Костромина вздохнула.
– Ну, или по-другому как спасти ее надо. Допустим, Света пойдет гулять, а на нее вупы нападут. Штук пять.
Тут я чуть не рассмеялся. Костромина явно перечитала книжек. Перегрелась. Вон и Кузю стиснула так, что он посинел почти.
– Какой дурак на человека нападет? – удивился я. – Где ты такого идиота отыщешь?
– Да нет, не по-настоящему, конечно, понарошку.
– Да даже понарошку никто не согласится, – сказал я. – А если найдешь какого совсем уж слабоумного, допустим, братьев Сиракузовых, то все равно… Да и не поверит она.
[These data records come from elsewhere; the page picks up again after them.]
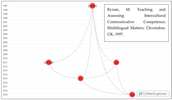 By selecting [20] and [19] in CitNetExplorer, there were six publications and 10 citation links among them. After drilling down the longest path, the authors identified the citation relationship of five publications [19,20,38,39,40] in Figure 4. Intercultural competence was first set forth as one of the components of the model of ICC [20]. The following publications emphasized the learning outcome of language learning using web-based pedagogies [19] or social media [39] in terms of intercultural competence, thus showcasing that the development of intercultural competence was a hot issue in synchronous online interaction courses, especially in EFL and ESL learning.
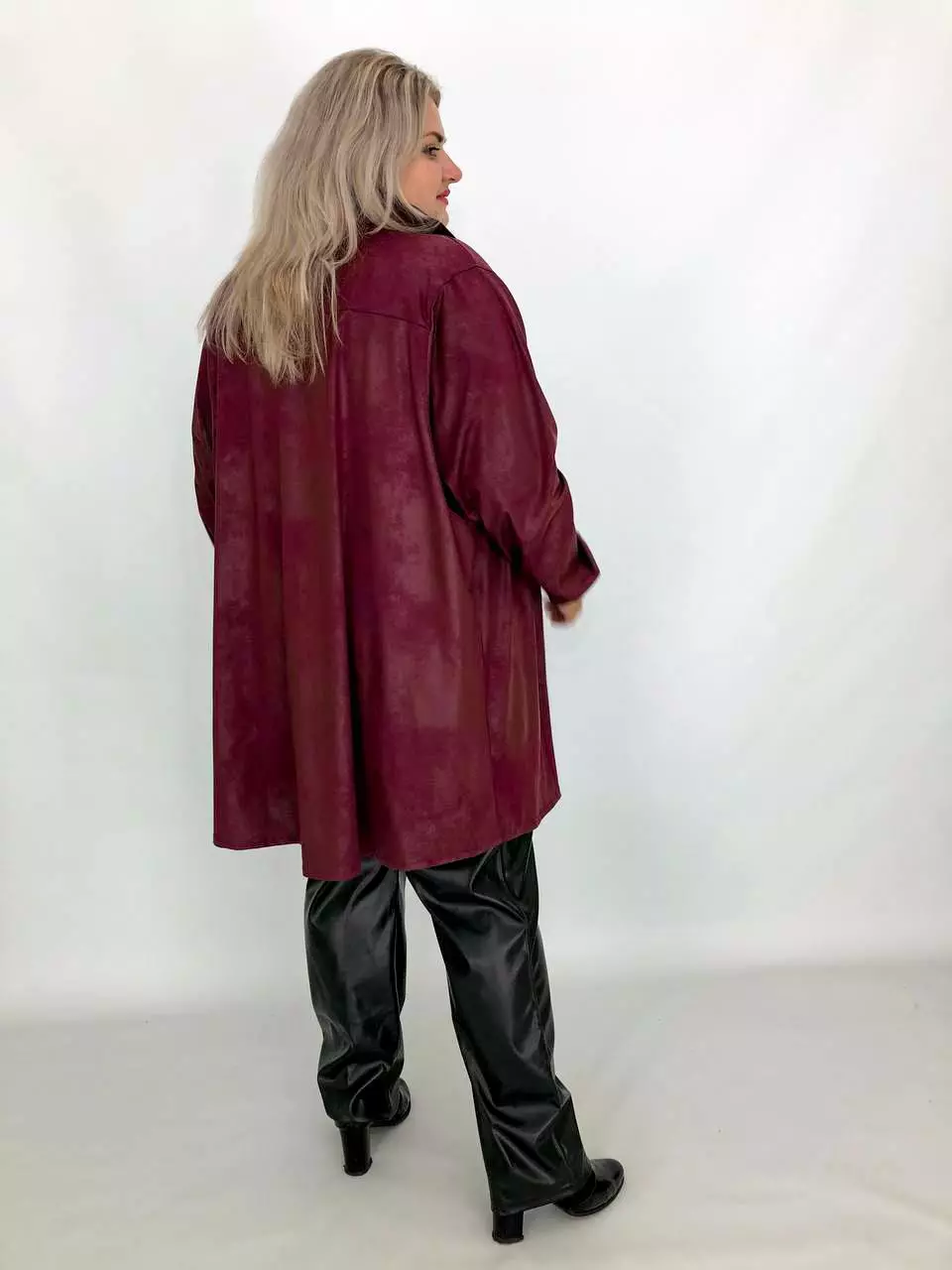 Тканина: екошкіра - 100% поліестер. Тканина екошкіри під замш на трикотажній основі, дуже м'яка, добре тягнеться. Силует вільний, рукав широкий - кажан. Підходить під будь-які груди. Застібається на кнопки. Прання-ручне без віджиму, гладити тільки з вивороту.
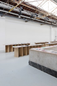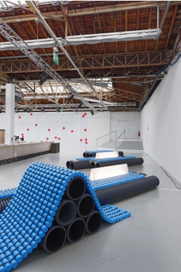Comme pour répondre à l’immatérialité de la programmation, les différents éléments scénographiques se révèlent par un choix de matériaux ostensibles. Employés bruts pour s’auto-revendiquer, ils évoquent la construction, la conservation, les flux, le fun. Leur assemblage léger, élémentaire et leur apparente hétérogénéité participent à une logique agile, combinatoire, démontrant l’ardeur des centres d’art à toujours évoluer avec lui.
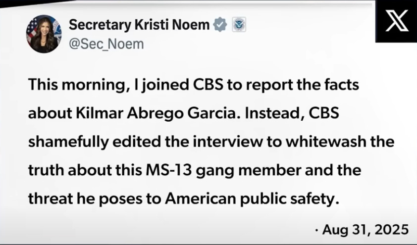 CBS News, once again, edited its interview with Homeland Security Secretary Kristi Noem, removing a section in which she explained why the Trump administration wants to remove the so-called "Maryland Man" Kilmar Albrego Garcia.
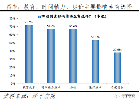 从现实看,教育、时间精力、住房是限制生育的三大因素。根据我们在微信公众号和今日头条平台的3.3万人调查,教育是影响生育行为的第一大因素,有71.6%的人选择。
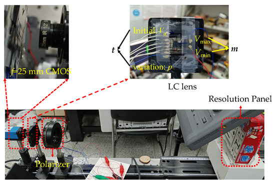 Image movement observation experimental setup, the prepared LC lens, and wire leads. The resolution panel is attached on the box for fixation.
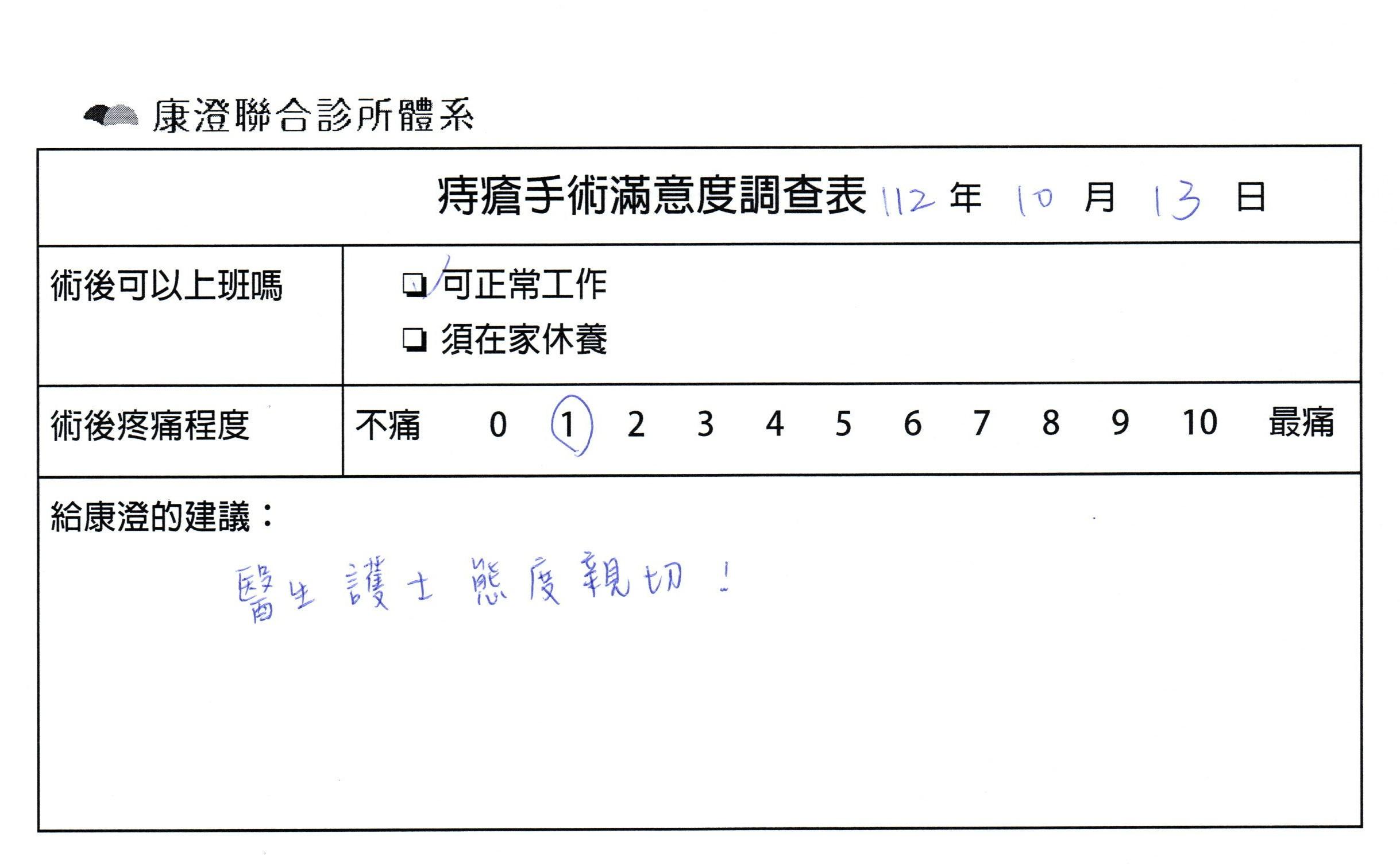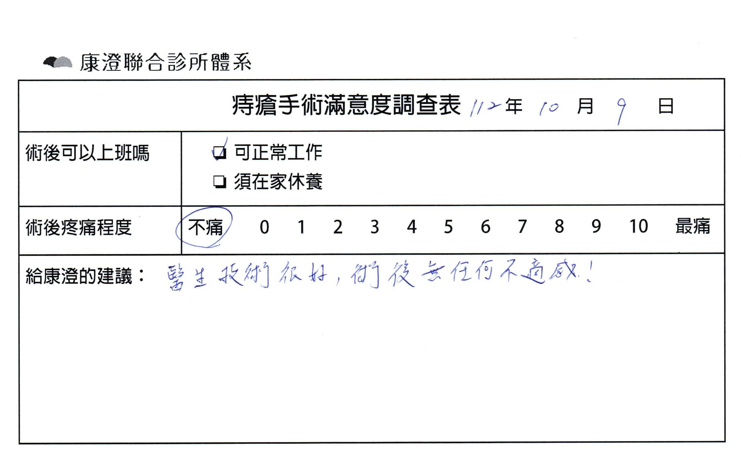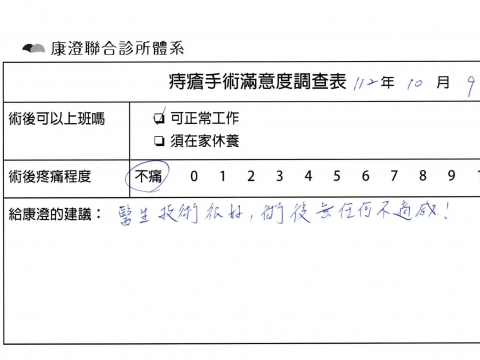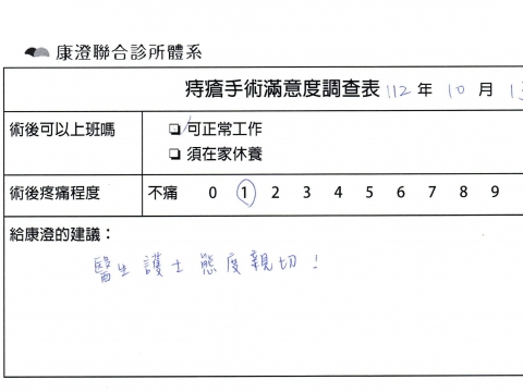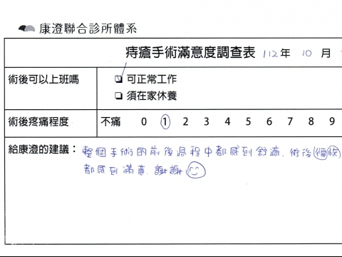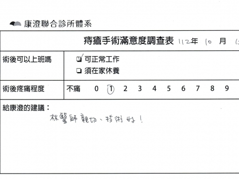 「困擾了20多年的三期內痔,終於在幾天內就解決了,原以為會很疼痛的手術及復原過程,結果真是神奇啊!不會痛呢!長效針應該是有用的,前幾天主要是腫脹,感謝林醫師,以及術後時時電話關心的小護士們,很棒!」
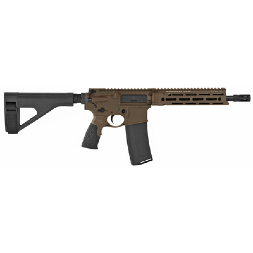 The DDM4 V7P AR15-style pistol features a 10.3-inch barrel and the MFR 9.0 M-LOK rail for quick handling, accuracy, and reliability, while also offering compatibility with a wide range of muzzle devices and sound suppressors. It includes M-LOK attachment technology and is equipped with the SB Tactical SBA3 Pistol Stabilizing Brace, which has 5 positions of adjustability and an integrated, ambidextrous QD swivel attachment point.
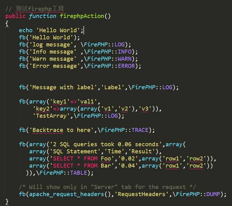 是不是非常方便,通过FirePHP,我们就不需要每次调试信息用echo,print_r或者日志的形式输出了,可以更方便大家调试,提高我们的开发效率。
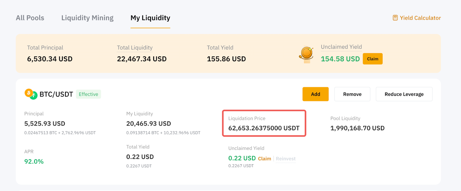 — Система постоянно отслеживает индексную цену и рыночную цену контракта. Если какая-либо цена опускается ниже цены ликвидации, ваша позиция по майнингу ликвидности будет ликвидирована. Ликвидация может происходить как во время удержания позиции, так и во время процесса погашения. Вы освобождаетесь от риска ликвидации только после того, как позиция будет полностью погашена.
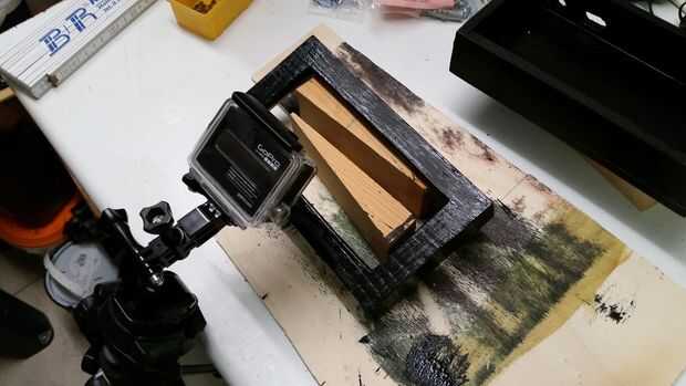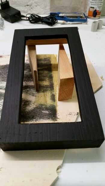 Para el falso fondo decidí hacer dos pequeñas muescas con mi herramienta rotativa en una pieza de madera contrachapada de la guarnición. De mi último proyecto que tenía la lata de spray de efecto piedra que tomé para la madera contrachapada. Creo que anuncios un efecto agradable al final.
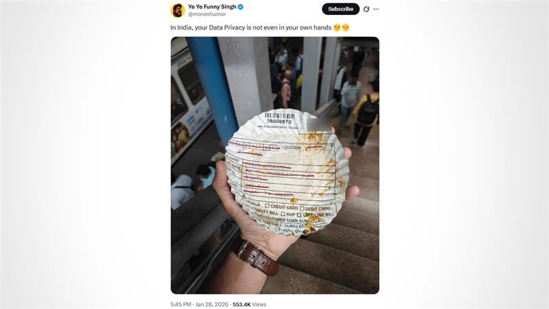 New Delhi, January 29: A viral social media post has ignited a fresh debate over data protection in India after a man discovered sensitive financial documents being reused as disposable plates by a roadside food vendor. The incident gained widespread attention after the X (formerly Twitter) account "Moronhumor" shared a photograph of a snack served on a paper plate. Upon closer inspection, the plate appeared to be fashioned from a bank document containing customer information. However, it has come to notice that the viral photo is old and from 2020.
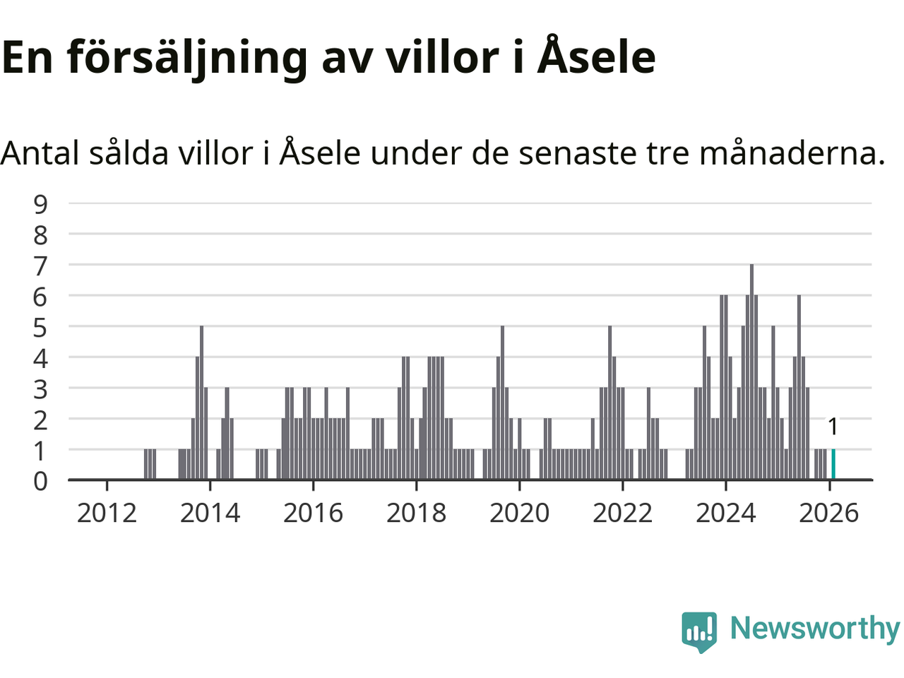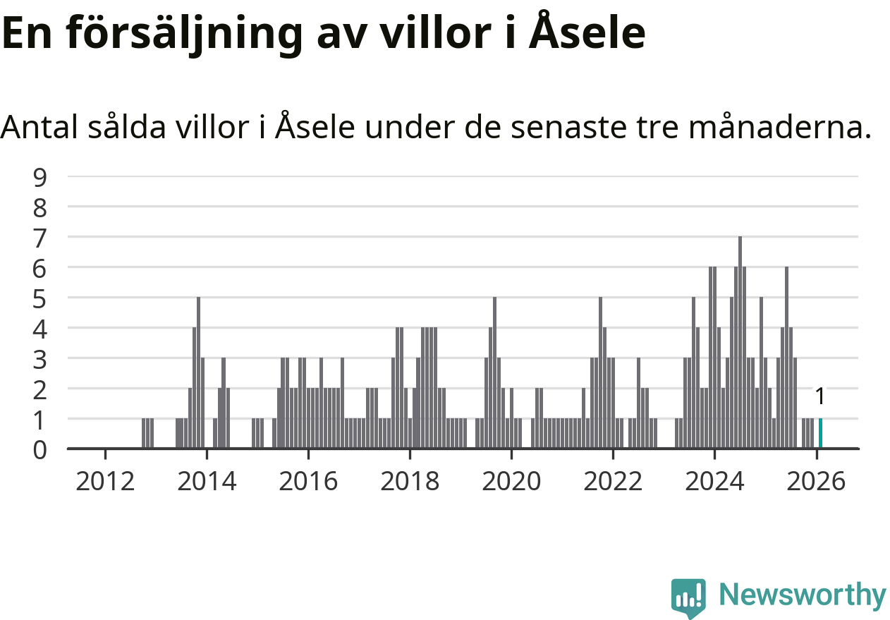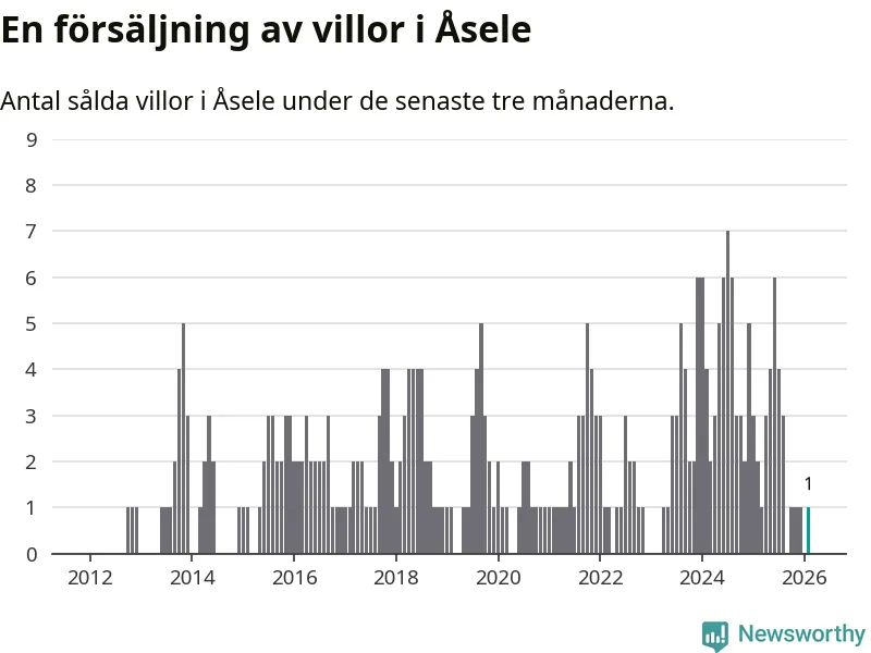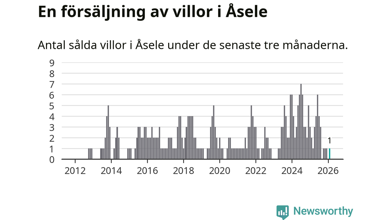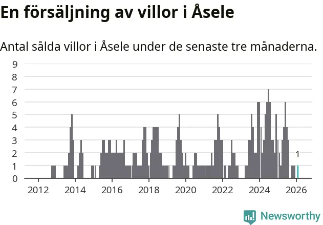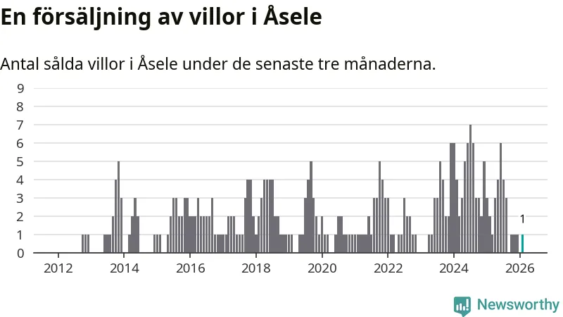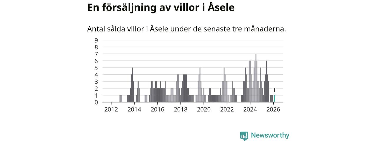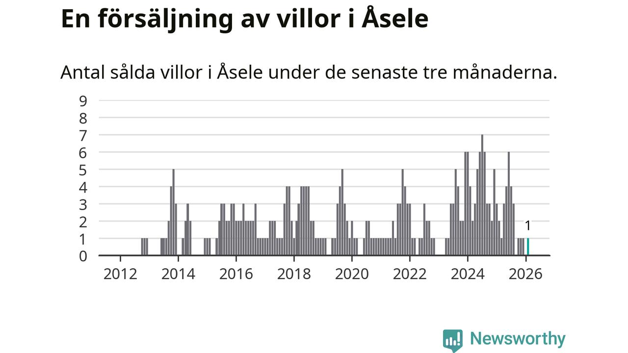 Mellan december och februari gjordes sammanlagt en affär med villor i Åsele kommun. Det kan jämföras med två vid motsvarande tid i fjol.

Знаешь, мне показалось, что Света совсем не дура – она же человек. Она сразу догадается, в чем тут дело, что это все подстроено.
Костромина задумалась.
– Ты, наверное, прав, – сказала она. – Вообще, конечно, спасание в нашем мире изрядно обесценено. Кого мы можем спасти, если сами спастись не можем?
Изрекла Костромина. Было видно, что эта фраза ей самой очень понравилась, однако в блокнотик не записала. Но я запомнил. Печальная фраза.
– К тому же грузовик Беловоблов уже занял, – вздохнула Костромина. – Согласись, если на нее второй раз за неделю наедет грузовик, это будет как-то подозрительно.
Костромина погладила собаку Кузю по голове, почесала ее бок.
– Это не подозрительно будет, ее сразу заберут обратно, – сказал я. – Наша школа боролась за человека сколько лет – и на тебе. В первый же день человека чуть грузовиком не задавили. Нет, Свету сразу же заберут обратно. Хорошо, чтобы Сиракузовы еще не влезли. Со своими балконами…
Я замолчал. Поскольку представил ужасную картину. Как братья Сиракузовы, тщась поразить Свету в самое сердце, приготовляют какой-нибудь там рояль. В кустах. Не зря же есть поговорка, наверное, раньше кого-нибудь роялем из кустов задавило.
Не грузовиком, так роялем. Не роялем, так балконом.
Видимо, Костромина подумала так же.
– Я об этом, конечно, не думала, но, видимо, ты прав. Эти дураки могут на Свету как-нибудь… неправильно воздействовать.
Неправильно воздействовать балконом. Конечно же.
– Надо установить дежурство, – сказала Костромина. – Возле Светиного дома. Как только она приедет, так сразу. Пока эти дурошлепы не начали свою глупую любовь демонстрировать. Нет, ты только подумай, какие хамы и бестолочи!